There has been a lot of chatter about the IPL’s TV ratings having dropped this year. I have also written about the games becoming a tad boring, with bowlers becoming mere bystanders. Having said that, the drop in ratings is not something that needs to be celebrated. Anyone doing so is making a mistake. The IPL is India’s only global sporting brand and, while constructively critical suggestions are welcome, it is plain foolish to be happy about the ratings having dropped. The success of the IPL is an Indian story that needs to be celebrated, not berated. We need to take pride in the property and ensure that it gets better over time.
I have seen two different types of reactions to the numbers dropping. First, people have turned defensive and cited the digital example, saying the numbers haven’t really dropped but rather that people’s consumption patterns have changed. While this is indeed true, it is also true that television numbers, net-net, have fallen. So, there is no need to be defensive. Rather, we need to introspect and see how the numbers can recover again.
The second reaction is as if this is a welcome development and, finally, the IPL juggernaut has started to stutter. I can’t digest this reaction at all. It is our own property, and yet it seems we don’t want it to be successful. You can indeed feel fatigue or frustration with bowlers being taken out of the game, but that doesn’t mean you would want the property to fail.

What we tend to forget when we say such things is how big an ecosystem depends on the IPL. It is not just the players and the broadcasters. It is also the small vendor sitting outside Eden Gardens, Chinnaswamy or Wankhede, making a few hundred rupees on every match day. It is about the water sellers outside these stadiums who wait for April-May and the IPL to make some money that will last them the next few months. It is about the transport, hospitality, aviation and hotel industries as well.

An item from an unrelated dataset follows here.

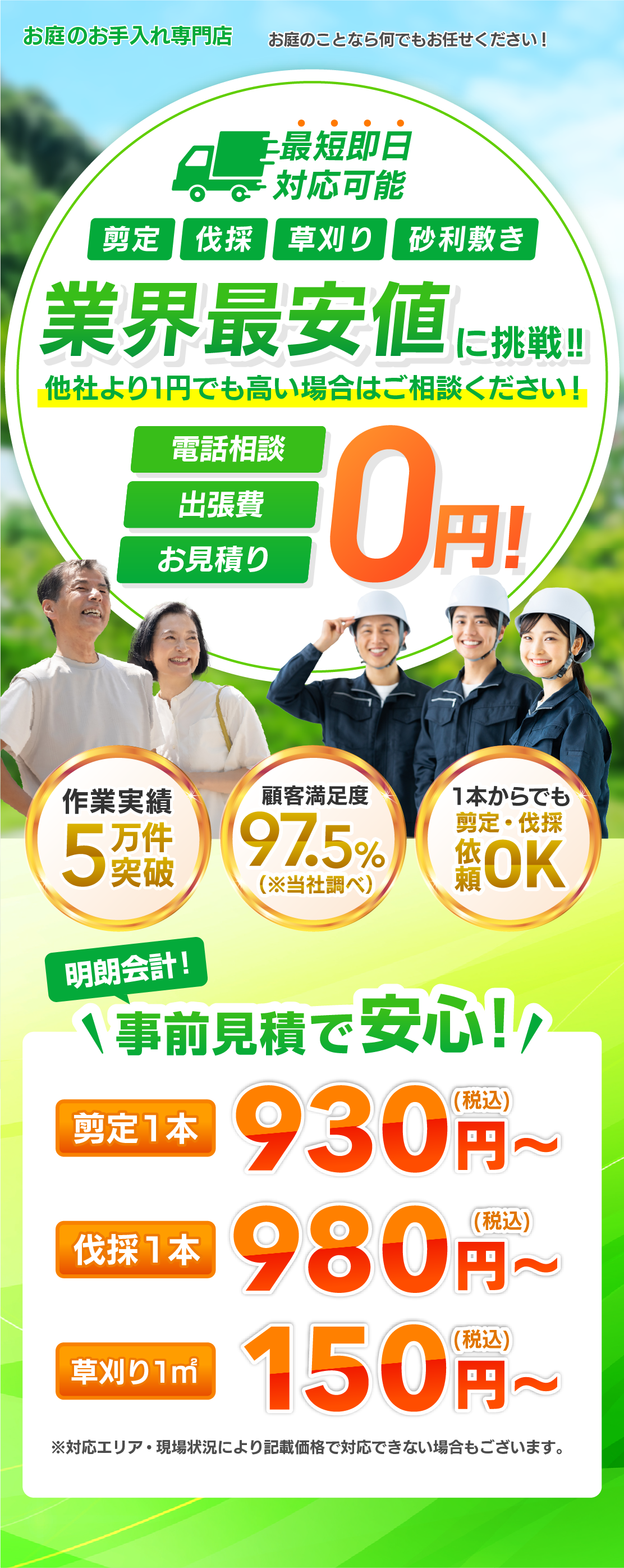 お庭のお手入れ専門店では迅速・丁寧・誠実なサービスを大切にし、お客様一人ひとりのお庭のお悩みに寄り添うことを心がけています。お庭のお手入れは、お庭のお手入れ専門店へお気軽にご相談ください。

With the world struggling to deal with the shock of war, industries in the country are already under pressure. Taking away income from them does not really help. The IPL is a safe bet, and many depend on the competition to stay stable. To see them unsettled would only be uncomfortable and disturbing, and there is nothing to be happy about in that. I don’t think the naysayers think about any of this while feeling pleased about the lower numbers this year.
India needs the IPL. It has made us the nerve centre of global cricket and has been at the core of the BCCI’s financial muscle. It has also prompted the start of the WPL and has offered hundreds of women an opportunity to make it big. The truth is that the IPL is at the core of the Indian cricket ecosystem, and no one should feel happy seeing it falter. It is wrong to do so, and there are no two ways about it.